Turkey is taking steps to toughen its crypto regulations in an effort to convince the Financial Action Task Force (FATF), an international financial crime watchdog, to remove it from the “grey list” of countries that have not done enough to combat money laundering and terrorist financing.
In a recent address to a parliamentary commission, Turkish Finance Minister Mehmet Simsek said that a new FATF report had found Turkey to be fully compliant with 39 out of the 40 standards set by the watchdog, with the only remaining concern being related to crypto assets, Reuters reported on Wednesday.
To address this issue, Simsek announced that Turkey would be submitting a proposal for new legislation pertaining to crypto-assets to the parliament in the near future.
He mentioned that once this legislation is in place, there would be no reason for Turkey to remain on the grey list, provided there are no other political considerations.
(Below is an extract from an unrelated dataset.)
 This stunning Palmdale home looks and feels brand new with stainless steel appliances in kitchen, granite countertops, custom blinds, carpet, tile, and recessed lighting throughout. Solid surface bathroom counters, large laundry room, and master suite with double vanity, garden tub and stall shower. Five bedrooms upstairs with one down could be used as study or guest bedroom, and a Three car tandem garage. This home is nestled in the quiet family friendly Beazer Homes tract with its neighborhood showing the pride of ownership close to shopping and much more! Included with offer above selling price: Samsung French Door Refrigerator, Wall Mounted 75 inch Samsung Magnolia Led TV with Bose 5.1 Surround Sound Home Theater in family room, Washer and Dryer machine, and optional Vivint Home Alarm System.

The exact details of the proposed legal changes were not provided in the statement.
The FATF had previously cautioned Turkey about “serious shortcomings,” including the need to enhance measures to freeze assets connected to terrorism and the proliferation of weapons of mass destruction in 2019.
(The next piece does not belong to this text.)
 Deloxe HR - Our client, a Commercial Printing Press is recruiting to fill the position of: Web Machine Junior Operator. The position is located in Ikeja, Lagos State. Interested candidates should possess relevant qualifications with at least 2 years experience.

The agency added Turkey to its grey list in 2021.
The Financial Action Task Force was founded in 1989 by the G7 nations and works to develop policies to prevent money laundering and terrorist financing around the world.
Turkey has recently taken several steps to bring crypto under the control of regulators in the country.
Just last month, news broke that Turkey’s Presidential Annual Program for 2024 included plans to establish a regulatory framework for crypto assets, including plans to tax these assets, starting 2024.